Sunday, June 13, 2010

Kevin Bacon and the Pre-Raphaelites

The literary magazine Lapham's Quarterly has an interesting take on the "Six Degrees of Separation" idea, which posits that everyone in the world is connected to everyone else in the world by a chain of no more than six acquaintances.

One popular version of this idea is
a game in which players link any living actor -- through his or her roles in films or commercials -- to the American actor Kevin Bacon within six steps. By expanding the number of connections to accommodate historical figures, the editors of the magazine have managed to show that a host of eminent Victorians are connected to Mr.
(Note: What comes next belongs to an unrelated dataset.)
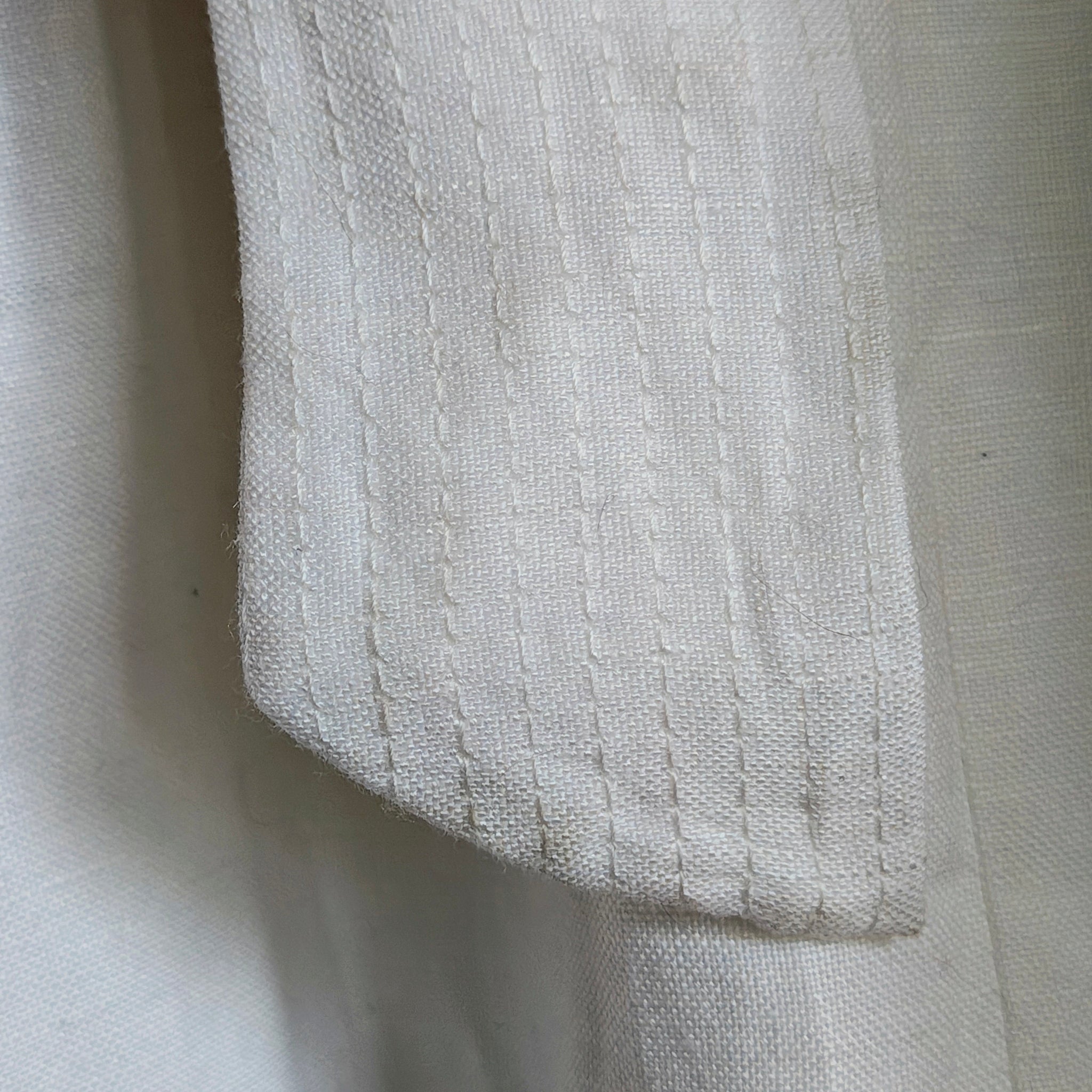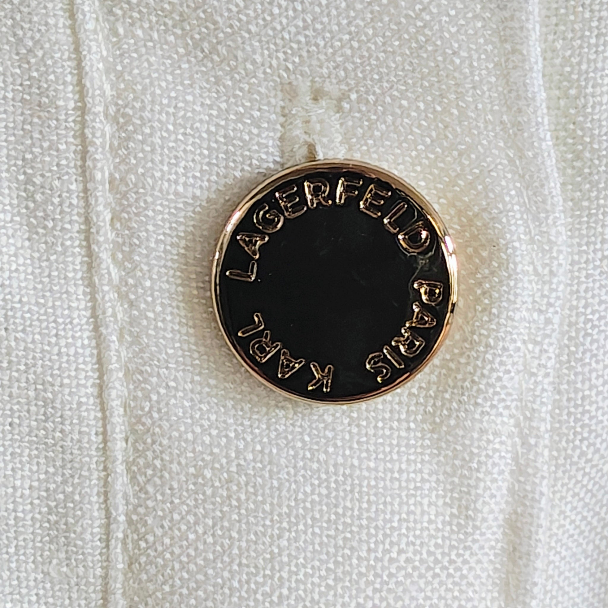 - Front Closure: A functional button-down front runs the full length of the garment, using gold buttons.

Bacon, whose movies include Footloose, Flatliners, A Few Good Men, Apollo 13, Mystic River, and The Woodsman.

The social flowchart “
Friends, Lovers, and Family” (shown at left, click for a larger version) is a color-coded web revealing the surprising connections between 70 art-world personalities, including writers, painters, architects, and actors. The Bacon connection to the Victorians goes roughly as follows: Kevin Bacon > Edmund Bacon (Kevin's father, a noted urban planner) > Buckminster Fuller > Margaret Fuller > Ralph Waldo Emerson > Walt Whitman > George MacDonald (1824-1905), the influential Scottish author (DNB bio here; Wiki bio here). From MacDonald, Bacon's links to the Victorian great and good expand exponentially to include John Ruskin, John Everett Millais, Dante Gabriel Rossetti (and through Millais and Rossetti to the other Pre-Raphaelites and their circle), William Morris, Ford Madox Brown, Lewis Carroll, and Elizabeth Siddal, among others.

Through his father, Bacon is separated by just four degrees from Thomas Carlyle and Leigh Hunt. Even Queen Victoria can be linked to the star of Animal House (through her son Prince Leopold, a lover of Alice Liddell and godfather of her second son; it was Alice Liddell who inspired Lewis Carroll's Alice's Adventures in Wonderland).